## TASK DETAILS
Pictures excluded, reproduce exactly the lines below from the one with "Figure 1.2 Number" through the one with "Vestido de dama", both included.

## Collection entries
^^^^^^^^^^^^^^^^

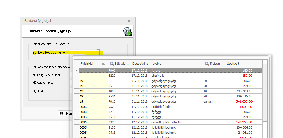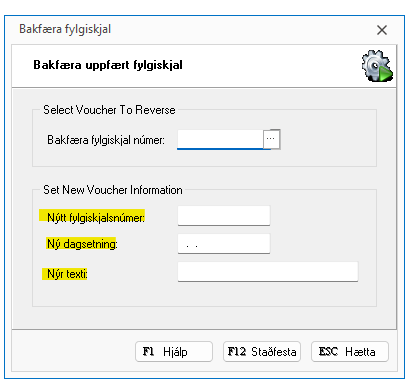 Þá þarf að velja hvaða fyigiskjal á að bakfæra. Fylgiskjalið er valið með því smella á punktana þrjá í reitnum Bakfæra fylgiskjal númer, þar sem fylgiskjalsnúmerið valið með því að tvísmella á rétt fylgiskjal eða hafa línuna valda og smella á enter. Þegar það er búið eru settar inn upplýsingar um dagsetningu og fylgiskjalsnúmer og texta ef óskað er. Að lokum er staðfest með F12 Staðfesta og þá birtist færslan með öfugum formerkjum. Gott er að ganga úr skugga um að tegundarmerking fyrir skuldunauta og lánardrottna sé til staðar ef við á.
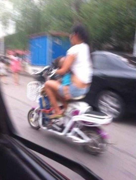 Bái phục bà mẹ trẻ vừa lái xe máy, vừa cho con bú
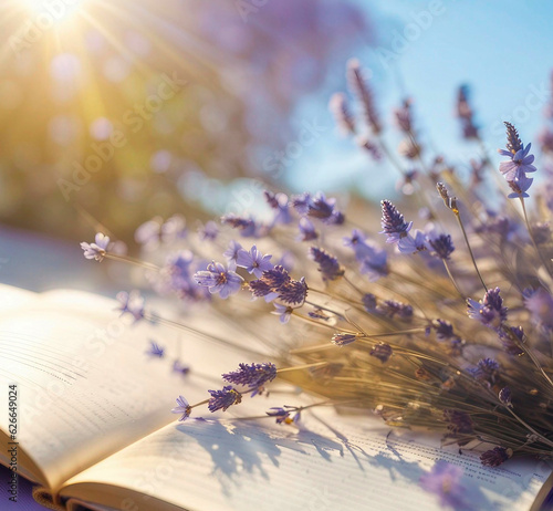 Purple field flowers on an open book. The poetic and romantic atmosphere on a summer day with beautiful sun.
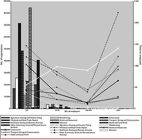 Figure 1.2 Number of UK enterprises and employment figures by industrial sector in 2001
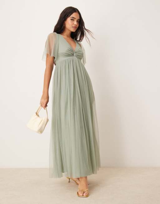Vestido de dama de honor verde escarcha con detalle retorcido de Anaya
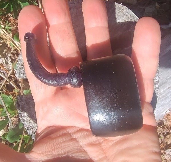 Creada totalmente a mano, esta pipa destaca por su elegante color negro intenso y su cazoleta en olivo teñido, que aporta un toque natural y sofisticado. La boquilla en acrílico negro tallado le da un acabado único y refinado. Una pieza hecha con pasión, ideal para disfrutar de momentos de relajación y sabor. ideal para una salida de pesca. con un hornillo de 2,5 cm de profundidad y su cazoleta con una altura de 3,5 cm.
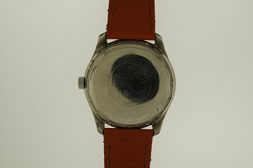 Jules Jürgensen herrearmbåndsur i stål med læderrem, datovisning, plexiglas, automatisk urværk, diam. 34 mm
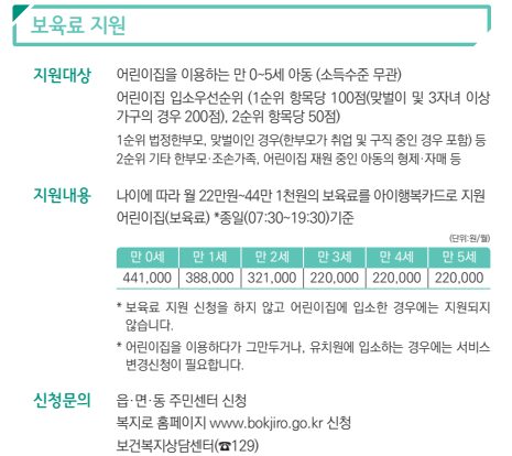나이에 따라 월 22만원~44만 1천원의 보육료를 아이행복카드로 지원 어린이집(보육료) *종일(07:30~19:30)기준
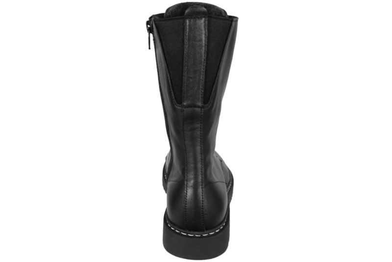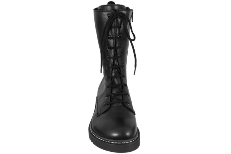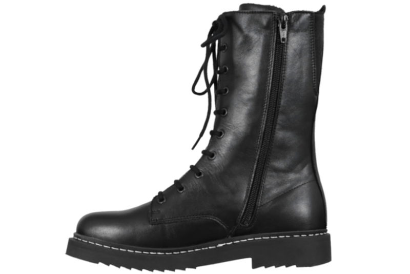 Super smart halv lang støvle fra New Feet til damer. Støvlen er lavet af sort glat skind. Foran er der sorte snørebånd, så den kan tilpasses efter benet. På indersiden er der en lynlås, så den er let at komme i og af. Støvlen er god til diabetikere, gigtpatienter, og generelt folk med følsomme fødder, det er de på grund af deres lækre såler. Der er ikke nogle generende indvendige syninger, der kan provokere fødderne. Så er der god plads til fødderne, hvilket er vigtigt for alle fødder. Slidsålen er en sort gummisål.
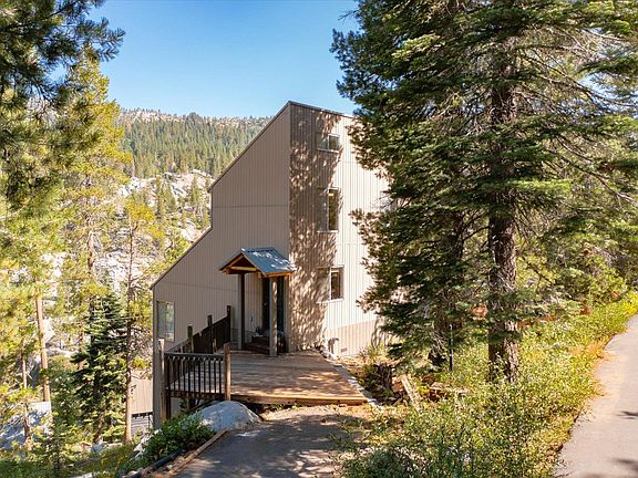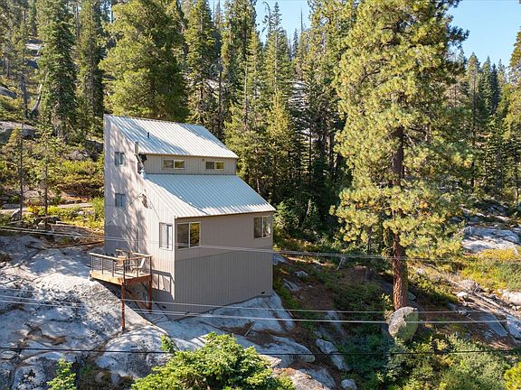 Discover the magic of this unique and custom owner built cabin located behind the iconic Rainbow Lodge, with panoramic views of the Yuba River and stunning granite landscape. Situated beautifully on a granite hillside, in this wonderfully tight-knit Rainbow community. Easy access to a large swimming hole and endless trails. Enjoy the perfectly clear and deliciously tasty Rainbow Spring water. This 2 bedroom, 2 bath cabin with expansive ceilings, is light and bright. Beautiful wood flooring in the kitchen, dining, living room, and spiral staircase. Linoleum is in pristine condition. The roof has been replaced this year, and the septic was installed in 2016. Detached 2 car garage and a snowmobile shed. There hasn’t been a cabin on the market in this spot in a very long time.

^^^^^^^^^^^^^^^^

## REPLY TO THE EXERCISE
 Figure 1.2 Number of UK enterprises and employment figures by industrial sector in 2001
Vestido de dama de honor verde escarcha con detalle retorcido de Anaya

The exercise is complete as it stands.